Advanced CRN was found in 1227/17 307 patients (1176 advanced adenomas plus 51 carcinomas, 7.1 %). According to univariate and multivariate analysis, the factors associated with advanced CRN included age >60 years (odds ratio (OR) 2.1, 95 % confidence interval (CI) 1.8 - 2.4, P < 0.0001), male gender (OR 2.1, 95 %CI 1.7 - 2.7, P < 0.0001), referral for colonoscopy from primary care physician (OR 3.1, 95 %CI 2.5 - 3.7, P < 0.0001), and several other indications (OR 1.8, 95 %CI 1.5 - 2.3, P < 0.001). The yield of colonoscopy for advanced CRN was lower (2.2 %) than expected in patients with iron-deficiency anemia (OR 0.5, 95 %CI 0.2 - 0.9, P = 0.03).

CONCLUSIONS

Age, gender, and referral for colonoscopy from primary care physician constituted important independent predictors of advanced CRN in patients undergoing colonoscopy.

摘要

背景与研究目的

在结肠镜检查中,能更准确预测结直肠癌和腺瘤检出情况的因素各不相同。

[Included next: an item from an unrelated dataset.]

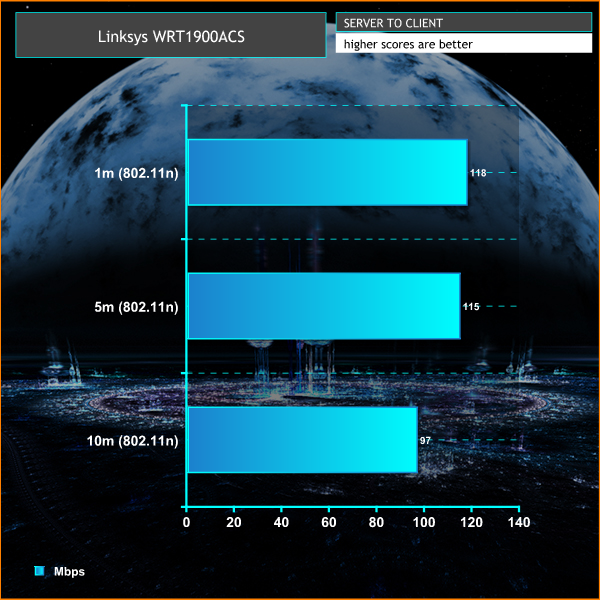 We use the WiFi Perf software, which measures both client-to-server (c2s) and server-to-client (s2c) performance, and we tested both 802.11n and 802.11ac at 1m, 5m and 10m with direct line of sight to the router.
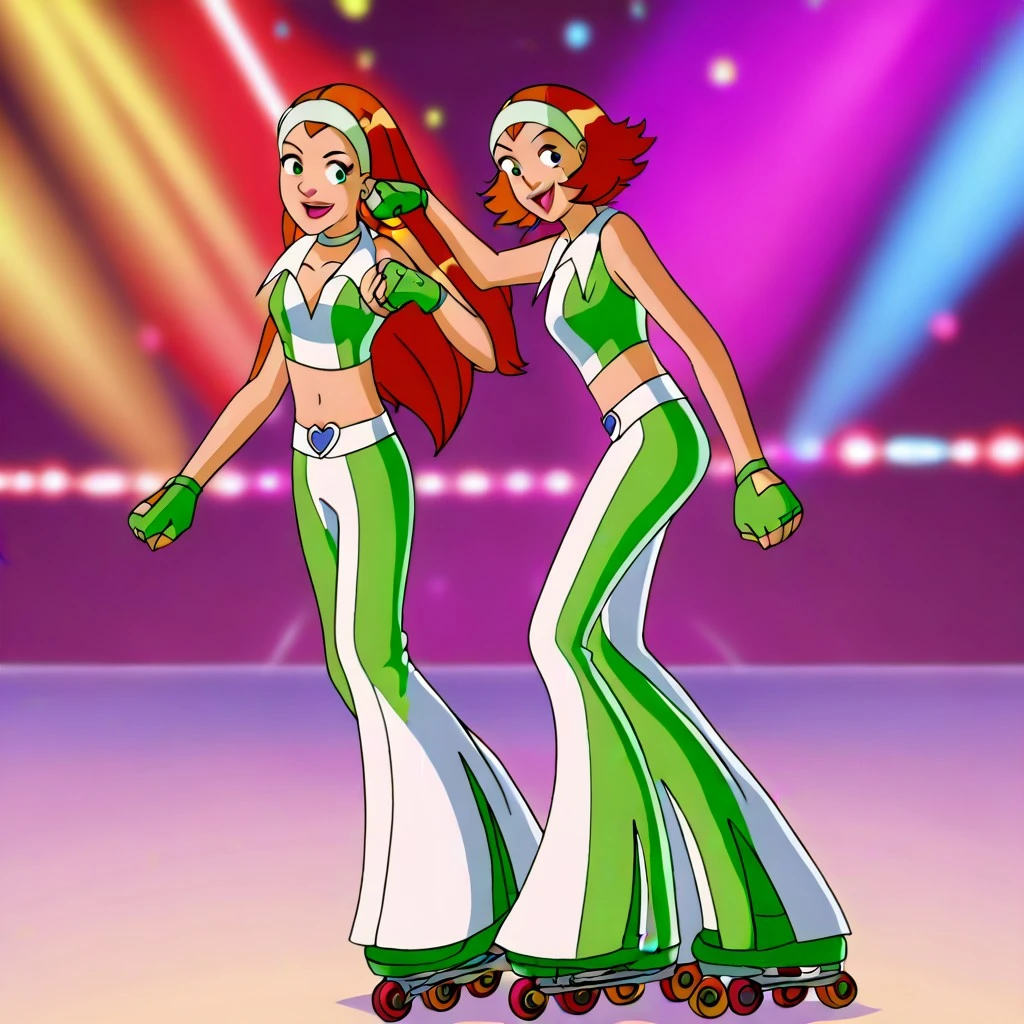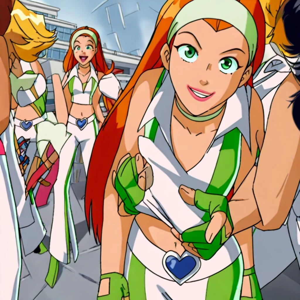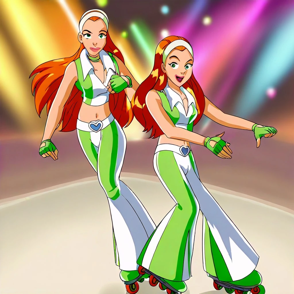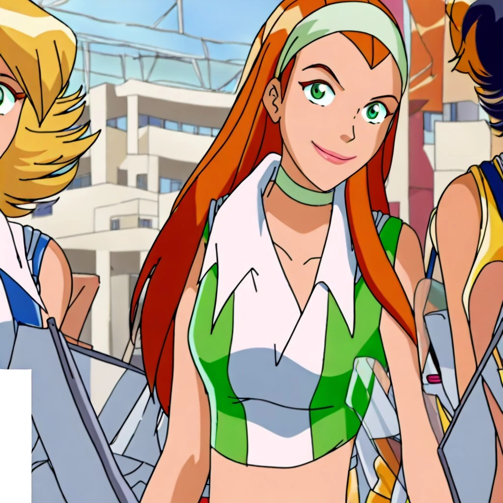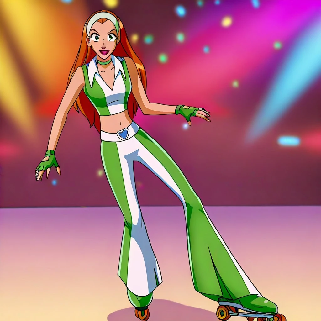 solo, 1girl, Sam, green eyes, orange hair, long hair, lipstick,

我们开展了一项前瞻性多中心研究,以评估在一组接受结肠镜检查的患者中,哪些指征与包括结直肠癌在内的晚期结直肠肿瘤(CRN)关联最为密切。

患者与方法

2003年7月至2004年3月期间,来自韩国11家三级医疗中心的17468例患者纳入本研究。他们是根据11项详细的结肠镜检查指征招募的。这里的“高级别腺瘤”指直径11毫米及以上的管状腺瘤,或绒毛状、绒毛管状或重度发育异常的腺瘤,无论其大小。癌症定义为恶性细胞浸润超过黏膜肌层。晚期CRN定义为高级别腺瘤或浸润性癌。

结果

17307例患者中发现1227例晚期CRN(1176例高级别腺瘤加51例癌,7.1%)。根据单因素和多因素分析,与晚期CRN相关的因素包括年龄>60岁(比值比(OR)2.1,95%置信区间(CI)1.8 - 2.4,P<0.0001)、男性(OR 2.1,95%CI 1.7 - 2.7,P<0.0001)、由初级保健医生转诊进行结肠镜检查(OR 3.1,95%CI 2.5 - 3.7,P<0.0001)以及其他几个指征(OR 1.8,95%CI 1.5 - 2.3,P<0.001)。缺铁性贫血患者的结肠镜检查对晚期CRN的检出率低于预期(2.2%)(OR 0.5,95%CI 0.2 - 0.9,P = 0.03)。

结论

年龄、性别以及由初级保健医生转诊进行结肠镜检查是接受结肠镜检查患者晚期CRN的重要独立预测因素。